Смотритель - [43]
Однако вчерашний ночной разговор с Марусей неожиданно открыл перед ним бездну, в которой, как ни странно, чувствовался значительный привкус зависти. Кажется, поначалу они были вполне в равных условиях. Причем у него возможностей для фантазий с учетом знакомства с большинством европейских стран, было как будто бы даже больше. И вот он видит нечто прекрасное, но вполне реальное, а она… Ей открывается гораздо более глубокое, тонкое. И к тому же она еще и понимает во всем происходящем гораздо больше, чем он. Павлов давно приучил себя никому и ничему не завидовать, всегда помня, что зависть есть признание своего поражения. А поскольку он был совсем не честолюбив, выполнять это правило, скоро ставшее второй натурой, оказалось совсем несложно и даже приятно. А комфорт Павлов любил. И психологический – тем более.
Но самое же странное в нынешней ситуации заключалось в том, что Маруся, при всей его зависти к ее ощущениям и пониманию, которых он был лишен, все же несла в себе то же самое чувство комфорта. Находиться с ней было естественно, легко и приятно. Как дышать после грозы где-нибудь на лесной опушке.

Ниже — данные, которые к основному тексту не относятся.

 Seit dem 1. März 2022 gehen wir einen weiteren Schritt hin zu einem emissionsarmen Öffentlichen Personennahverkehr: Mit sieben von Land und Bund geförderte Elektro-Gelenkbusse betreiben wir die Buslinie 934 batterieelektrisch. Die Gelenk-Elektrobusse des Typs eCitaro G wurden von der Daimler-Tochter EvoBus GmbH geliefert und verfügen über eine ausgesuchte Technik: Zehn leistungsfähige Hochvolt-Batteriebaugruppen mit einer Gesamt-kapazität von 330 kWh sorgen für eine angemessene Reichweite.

И в принципе можно было бы махнуть на все тайны и загадки рукой, наезжать к ней время от времени, говорить обо всем и любить ее поджарое огненное тело, пахнущее диким зверем и крепким кофе. Но Павлов был слишком мужчиной. Слишком горожанином и слишком современным. А значит, и слишком сиюминутным для того, чтобы просто позволить себе отдаться течению жизни, не рассуждая, а лишь ощущая это течение. И потому за всей этой историей ему необходимо было обнаружить что-то или кого-то… В общем, докопаться до истины было ему просто необходимо. Хотя бы только для того, чтобы спокойно приезжать в это Беково и счастливо целовать сухие маленькие ступни в ссадинах и цыпках…

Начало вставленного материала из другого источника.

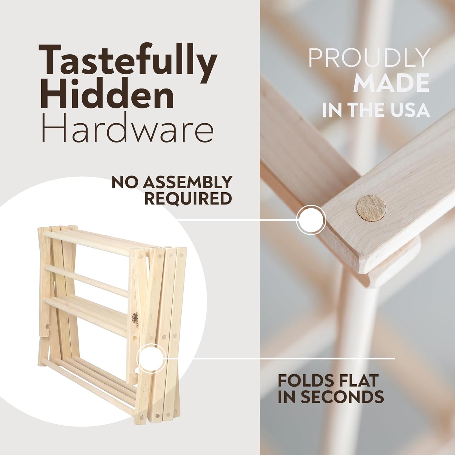 - 100% USA-MADE: Proudly crafted in Pennsylvania with locally sourced solid maple wood, ensuring a durable and long-lasting clothes drying rack for your home.

Собака – остров – музейный старик. Одной ли цепи эти звенья или совершенно разные? Но если разные – то каких цепей? «Хорошо еще, что Сирин молчит», – вдруг подумал Павлов, снова вспомнив, какие странные, на грани реальности, разговоры вели с ним и Тата, и Сев Севыч. Он не видел во всех их словах ни грана настоящей жизни. Но зато в них явно мерцал отсвет чего-то забытого, нежного, настоящего…
Тату теперь уже вряд ли еще раз увидишь. А от Сев Севыча тоже много не добьешься, как показал последний разговор. Полное отсутствие существенности, фактов, за которые можно было бы зацепиться и которые можно было бы раскрутить, окончательно лишали почвы любые рассуждения. Оставался еще Сирин. Его загадочное появление и таинственные исчезновения. И вот теперь еще одно главное – его запах, совершенно совпадающий с запахом Марусиного пса.

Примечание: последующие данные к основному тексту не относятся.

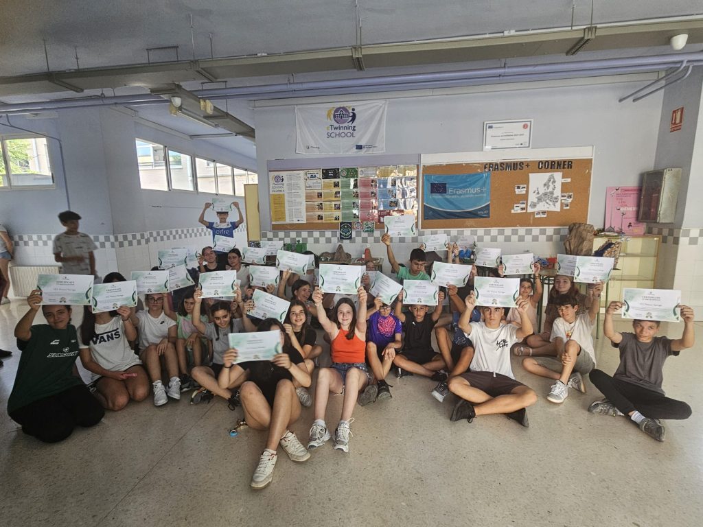 Donem els diplomes com estava previst als cursos 1A,G,E,H,I. L’exposició romandrà oberta al mes de juny i juliol per a que la puguin vore les famílies.

Значит, Сирина надо как-то выследить.
В глубине души считая, что затея эта не только совершенно невозможная, но еще и способная принести нечто нехорошее, Павлов к вечеру все же отправился за велосипедом. В ближайшем «Веломире» он купил средненький, за десять тысяч «Атом», «апгрейдил» его и себя еще на столько же и решил немедленно опробовать свои новые возможности.
Сирин спокойно прогулял весь вечер привязанный к раме, никуда не рвался и никаких фокусов не выкидывал. Павлов нарочно стаскал его даже к дому на Морской,[63] все еще внушительному и надменному. Но и тут пес так же надменно проигнорировал даже росшие рядом весьма удобные липки. Впрочем, подобное равнодушие лишь еще больше насторожило Павлова, и он решил отныне гулять с Сириным только таким образом, ни на секунду не отпуская с поводка, накрепко привязанного к раме велосипеда.
Прошло несколько дней, и тоска по Марусе овладевала Павловым все сильнее. Или это была тоска по разгадке тайны? Он уже не мог различить их. И вообще за эти дни в сознании у него все перепуталось: прошлое и настоящее, Тата и Маруся, Сирин и Вырин, работа и то странное состояние, в которое он впадал, возвращаясь домой и падая в кресло. Ему все чаще казалось, что он не живет, а плавает в каком-то ватном тумане. Во всепоглощающем тумане, скрывающем маленький, беспомощный, как едва-едва родившийся, островок. Или, скорее, лишь пробивающийся к жизни, к реальному миру, росток. А сам себе при этом он представлялся расколотым на какие-то отдельные куски, никак не собирающиеся в целое. И еще почему-то Каем, замерзающим в ледяных чертогах, будучи не в силах собрать из осколков нужное слово. Он отключил телефон и мобильник, потом, задыхаясь от внутреннего молчания, включил. Но все эти внешние, раньше так помогавшие ему во время приступов тоски меры, теперь оказались совсем бессильными. Где-то там, в дождях и начавших желтеть березах, ждала и мучилась от непонимания Маруся – по крайней мере, ему хотелось так думать. Но Павлову страстно хотелось появиться там лишь после того, как ему удастся добыть еще хотя бы какой-то информации. Однако противный самодовольный пес и ухом не шевелил, чтобы пуститься в новое путешествие. Наконец, утром четвертого дня Павлов, уже собираясь выходить, чтобы попытаться развеяться хотя бы однодневным плаванием на «Гуньке», вдруг услышал из невыключаемого теперь радио, что в каком-то монастыре появилась чудотворная икона. Название монастыря он не то чтобы забыл или не расслышал, просто, разумеется, оно ничего ему не говорило. Как, собственно, и само понятие – чудотворная икона. Павлов относился к любой религии уважительно, но равнодушно. Тем не менее сейчас он вдруг подумал, что вместо прогулки на яхте можно было бы прогуляться туда. Разницы для него в принципе не было.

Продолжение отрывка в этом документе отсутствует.